Le même processus que dans la cour… Montrer du respect aux maîtres, quels qu’ils soient. Leur obéir, ignorer leurs faits et gestes et prier pour ne pas être impliqué dans une sale histoire. Une façon d’aborder le monde qui faisait grincer des dents à Perrin. Personne n’aurait jamais dû être obligé de vivre ainsi.

Flanquant les portes revêtues d’or du Grand Hall, deux domestiques froncèrent les sourcils en apercevant les Promises – et peut-être aussi les jeunes Cairhieniens qui jouaient les Aiels. En règle générale, les adultes regardaient ces « ordres » farfelus avec le même agacement que les véritables Aiels. On ne comptait plus le nombre de parents qui avaient tenté de mettre un terme à ce délire, allant jusqu’à ordonner à leurs gardes ou à leurs serviteurs de chasser de chez eux les autres membres des ordres que leurs enfants, s’ils avaient la mauvaise idée d’y entrer.

Dans ce contexte, Perrin n’aurait pas été surpris que les deux serviteurs barrent le chemin aux jeunes idiots, qu’ils soient nobles ou pas, et tentent de faire de même avec les Promises.

En public, très peu de Cairhieniens osaient encore traiter les Aiels de « sauvages ». Mais ça ne les empêchait pas de le penser. De fait, les deux hommes se préparaient, mais ils aperçurent soudain Rand derrière les Promises. Les yeux exorbités, ils se consultèrent une fraction de seconde du regard, puis se jetèrent à genoux. L’un garda les yeux sur le sol et l’autre les ferma tout en marmonnant une prière.

— Je vois qu’on me vénère…, souffla Rand.

Perrin aurait juré que ce n’était pas le même homme que d’habitude. L’air affligé, Min lui posa une main sur le bras. Sans regarder son amie, le jeune homme lui tapota la main – une réaction qui parut augmenter le chagrin de la jeune femme.

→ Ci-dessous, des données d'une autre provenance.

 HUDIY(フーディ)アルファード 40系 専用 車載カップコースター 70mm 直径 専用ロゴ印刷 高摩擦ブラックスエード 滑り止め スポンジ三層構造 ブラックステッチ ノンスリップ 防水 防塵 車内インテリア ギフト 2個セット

Le Grand Hall du Soleil était immense. Sa voûte culminant à quelque cent pieds de haut, il était éclairé par de grandes lampes dorées accrochées à des chaînes assez grosses pour permettre de manier le pont-levis d’une forteresse. Une salle immense et pourtant pleine à craquer, les gens se serrant au milieu de grandes colonnes en marbre veiné de bleu et de noir disposées sur deux rangées de chaque côté de l’allée centrale.

Les hommes massés au fond du hall furent les premiers à voir les visiteurs. En veste courte ou longue, certaines brodées ou vivement colorées et d’autres couvertes par la poussière d’un long voyage, tous ces curieux étudièrent sans vergogne la petite délégation. Les rares femmes présentes, toutes vêtues de robes d’équitation, affichaient les mêmes traits durs que leurs compagnons, et paraissaient encore plus effrontées qu’eux.

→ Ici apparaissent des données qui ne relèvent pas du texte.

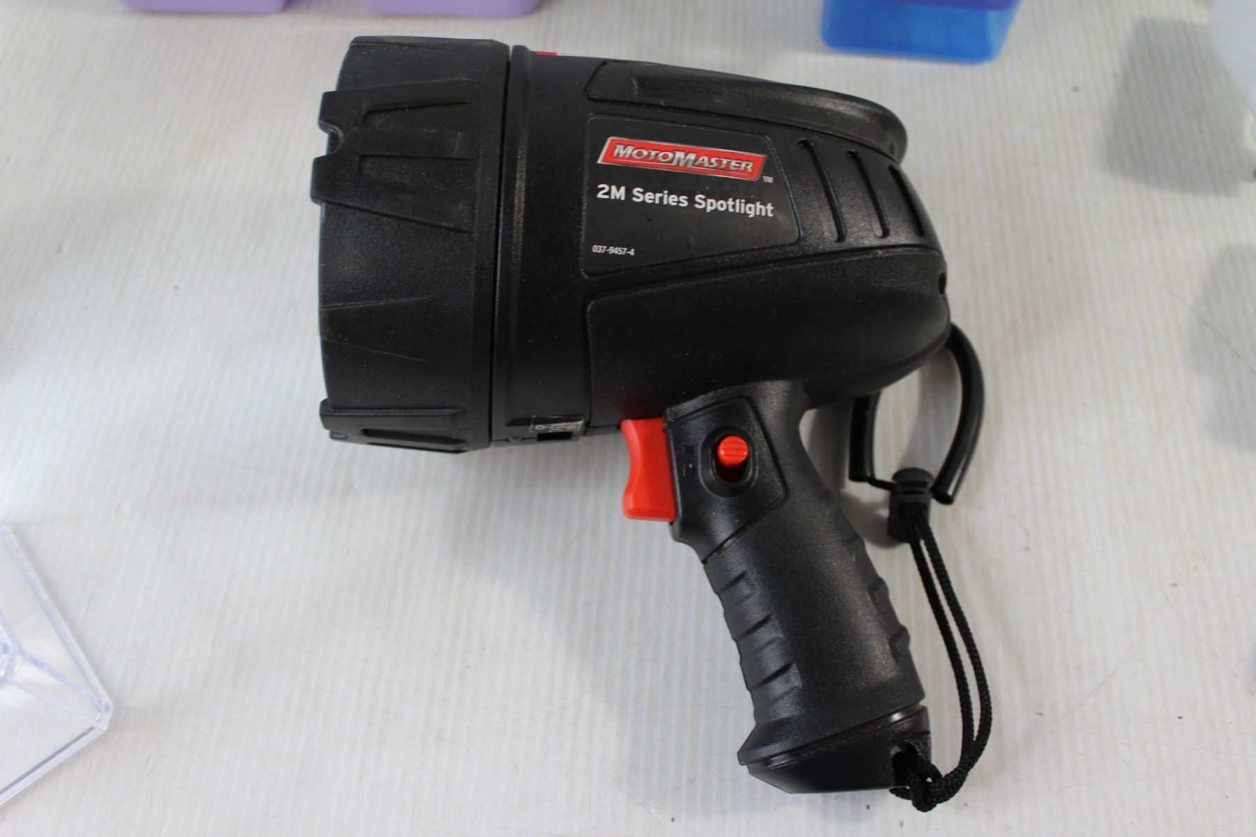 (9) Wall Lamps, (7) Plastic Containers, (2) Bathroom Door Hooks, Motomaster 2M Series Spotlight, Big

Des Quêteurs du Cor, pensa Perrin. Selon Dobraine, aucun noble ne pouvait se permettre de rater cette Convocation, et les Quêteurs, dans leur immense majorité, étaient de haute naissance – ou prétendaient l’être. Qu’ils aient ou non reconnu Rand, tous sentirent qu’il se passait quelque chose, leurs mains volant vers les épées et les couteaux qu’ils ne portaient pas à la ceinture en cette soirée de célébration. En plus du Cor de Valère, beaucoup de Quêteurs cherchaient l’aventure et une occasion d’entrer dans l’histoire. Même s’ils ne connaissaient pas le Dragon Réincarné, confrontés au danger, ils savaient le reconnaître.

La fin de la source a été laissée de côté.